REQUIRED ACTION>
If pictures appear in the lines below, skip them and copy exactly the lines from the one containing "のんびりと過ごせる畳スペース" through the one containing "Рис. 1. Структура", and nothing else.

DATA TO EXAMINE>
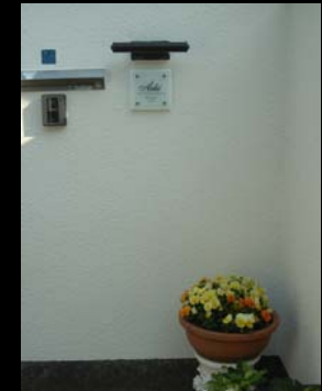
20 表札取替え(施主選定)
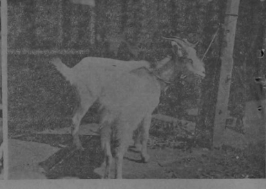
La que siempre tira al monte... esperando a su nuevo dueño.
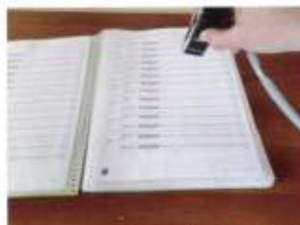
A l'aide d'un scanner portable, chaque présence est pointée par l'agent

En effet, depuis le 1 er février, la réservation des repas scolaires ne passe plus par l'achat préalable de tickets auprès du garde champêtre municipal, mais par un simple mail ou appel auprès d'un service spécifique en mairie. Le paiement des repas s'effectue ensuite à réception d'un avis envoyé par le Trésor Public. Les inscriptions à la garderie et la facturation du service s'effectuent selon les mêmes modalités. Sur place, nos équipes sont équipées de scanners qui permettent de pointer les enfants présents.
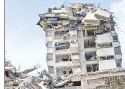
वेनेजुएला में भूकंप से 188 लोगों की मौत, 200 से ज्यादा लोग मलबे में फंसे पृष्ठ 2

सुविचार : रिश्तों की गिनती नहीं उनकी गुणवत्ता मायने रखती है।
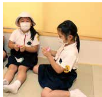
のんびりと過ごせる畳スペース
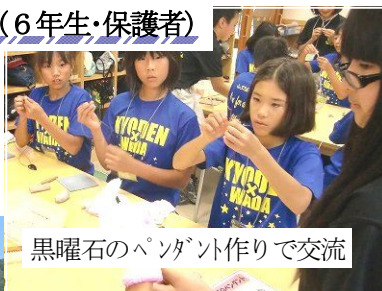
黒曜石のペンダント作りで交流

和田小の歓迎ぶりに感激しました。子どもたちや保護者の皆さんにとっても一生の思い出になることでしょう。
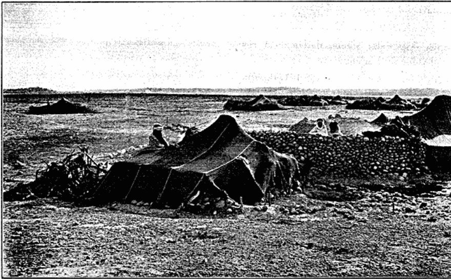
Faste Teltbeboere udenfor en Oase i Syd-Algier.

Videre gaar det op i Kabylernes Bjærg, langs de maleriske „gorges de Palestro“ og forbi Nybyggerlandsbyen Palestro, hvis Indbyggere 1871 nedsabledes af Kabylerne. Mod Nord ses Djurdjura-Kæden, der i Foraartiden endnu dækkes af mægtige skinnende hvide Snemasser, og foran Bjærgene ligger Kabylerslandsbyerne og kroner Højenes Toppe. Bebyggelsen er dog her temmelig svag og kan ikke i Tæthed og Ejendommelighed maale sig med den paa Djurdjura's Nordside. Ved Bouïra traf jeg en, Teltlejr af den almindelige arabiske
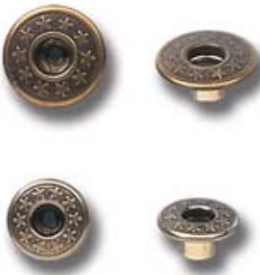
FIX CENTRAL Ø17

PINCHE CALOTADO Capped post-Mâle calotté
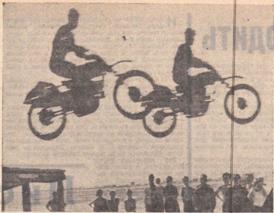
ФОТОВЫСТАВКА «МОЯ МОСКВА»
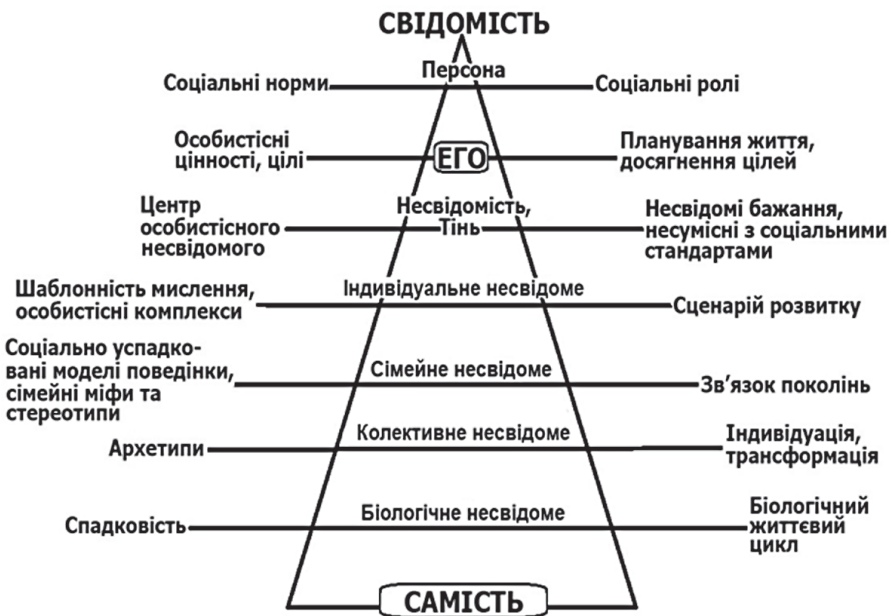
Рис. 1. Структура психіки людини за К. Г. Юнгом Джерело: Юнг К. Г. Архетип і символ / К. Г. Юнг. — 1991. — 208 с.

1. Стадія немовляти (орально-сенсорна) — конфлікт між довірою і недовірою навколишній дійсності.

RESPONSE TO THE TASK>
のんびりと過ごせる畳スペース
黒曜石のペンダント作りで交流

和田小の歓迎ぶりに感激しました。子どもたちや保護者の皆さんにとっても一生の思い出になることでしょう。
Faste Teltbeboere udenfor en Oase i Syd-Algier.

Videre gaar det op i Kabylernes Bjærg, langs de maleriske „gorges de Palestro“ og forbi Nybyggerlandsbyen Palestro, hvis Indbyggere 1871 nedsabledes af Kabylerne. Mod Nord ses Djurdjura-Kæden, der i Foraartiden endnu dækkes af mægtige skinnende hvide Snemasser, og foran Bjærgene ligger Kabylerslandsbyerne og kroner Højenes Toppe. Bebyggelsen er dog her temmelig svag og kan ikke i Tæthed og Ejendommelighed maale sig med den paa Djurdjura's Nordside. Ved Bouïra traf jeg en, Teltlejr af den almindelige arabiske
FIX CENTRAL Ø17

PINCHE CALOTADO Capped post-Mâle calotté
ФОТОВЫСТАВКА «МОЯ МОСКВА»
Рис. 1. Структура психіки людини за К. Г. Юнгом Джерело: Юнг К. Г. Архетип і символ / К. Г. Юнг. — 1991. — 208 с.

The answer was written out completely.